Piantedosi ad Arghillà, Barbaro: “Cannizzaro mantiene la promessa. Al via una svolta storica per il quartiere”

Dopo la visita del ministro Piantedosi ad Arghillà, Giuseppe Barbaro, candidato al Consiglio comunale, plaude all'attenzione mostrata dal sindaco Cannizzaro per il quartiere

La firma del piano straordinario per Arghillà e la visita del Ministro Piantedosi dimostrano che la parola data ai cittadini ha ancora un valore. In campagna elettorale, insieme all’On. Francesco Cannizzaro, avevamo assunto un impegno solenne: togliere Arghillà dall’isolamento e farne una priorità dell’agenda politica cittadina. Oggi quel patto è stato onorato dal Sindaco Cannizzaro“. Lo dichiara Giuseppe Barbaro, candidato al Consiglio comunale e primo dei non eletti nella lista “Insieme si può”.

Solo la presenza forte della ‘Squadra Stato’ – continua Barbaro – poteva imprimere una svolta reale e strutturale a un territorio che per troppi anni ha atteso risposte concrete. I 5 milioni di euro stanziati non sono promesse future, ma risorse immediate per cambiare il volto della periferia nord“.

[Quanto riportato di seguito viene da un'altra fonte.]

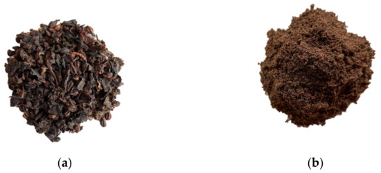 Pictures of (a) raw and (b) dried milled (250–400 µm) EGM samples.
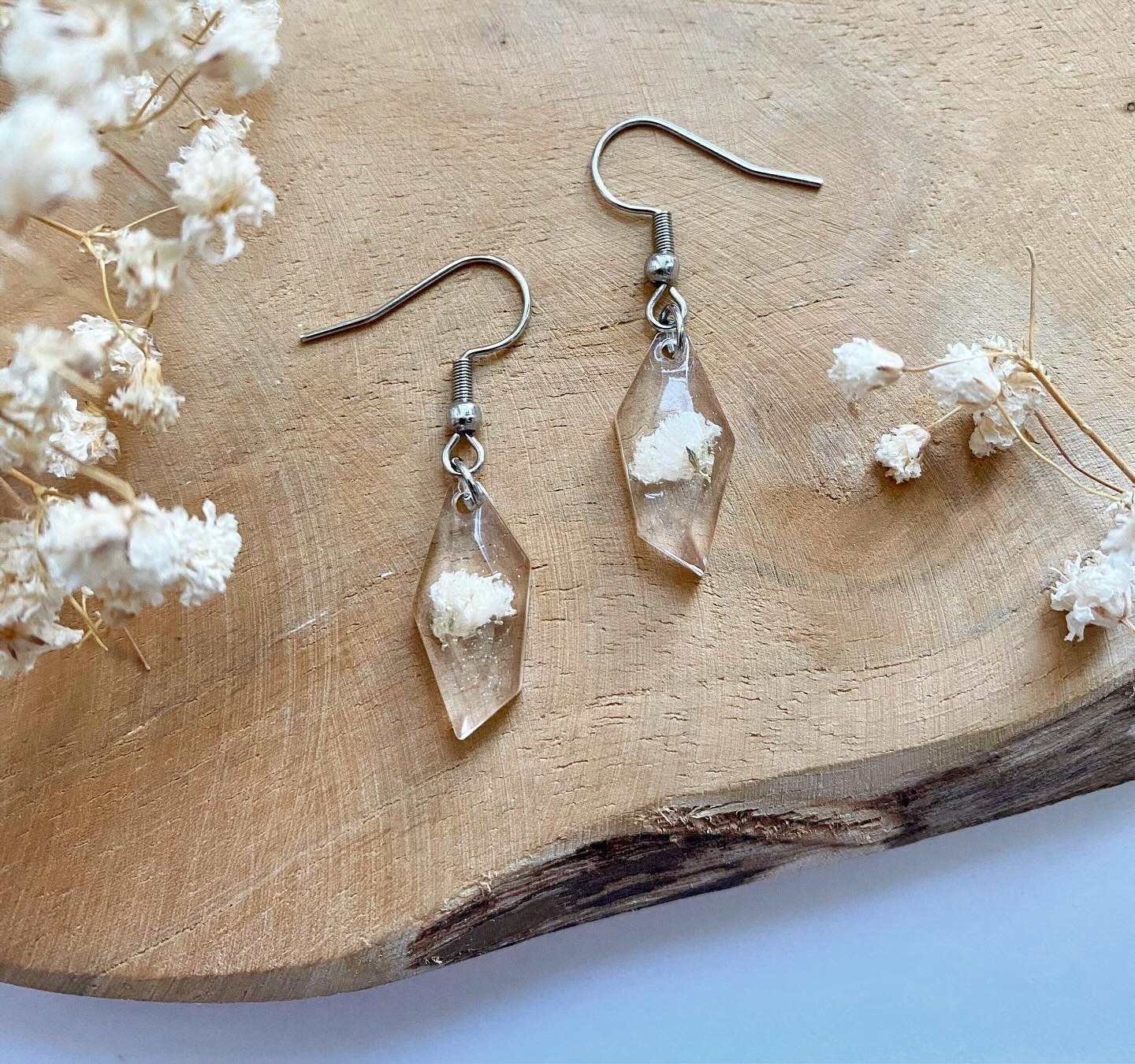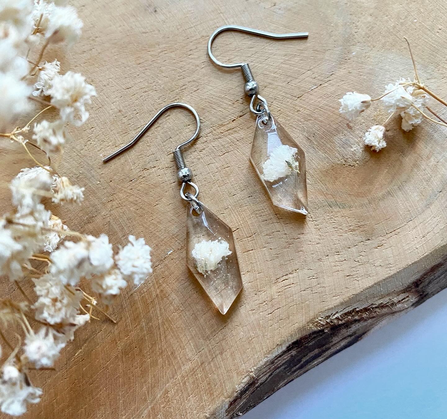 Náušnice visací krystaly s pravými sušenými květy Gypsophila.Velikost: 2,2 cm.Háčky: Chirurgická ocel.

Due i pilastri del piano di rilancio: “l’apertura del posto fisso di Polizia direttamente nel quartiere e la riapertura della scuola sono due passaggi dall’immenso valore simbolico e pratico. Non esiste riscatto sociale senza legalità, e non esiste futuro senza istruzione. Riportare le istituzioni e i presidi educativi ad Arghillà significa restituire dignità alle famiglie e ai giovani che ci vivono.

La firma dell’accordo in Prefettura con il Ministro dell’Interno Matteo Piantedosi e il piano da 5 milioni di euro per Arghillà rappresentano una svolta storica, pur non costituendo un punto d’arrivo ma solamente l’inizio di una nuova fase di rinascita per il quartiere. Questo è il modello di buon governo che si era prospettato e che, grazie alla filiera istituzionale attivata dal Sindaco Francesco Cannizzaro, si sta realizzando“.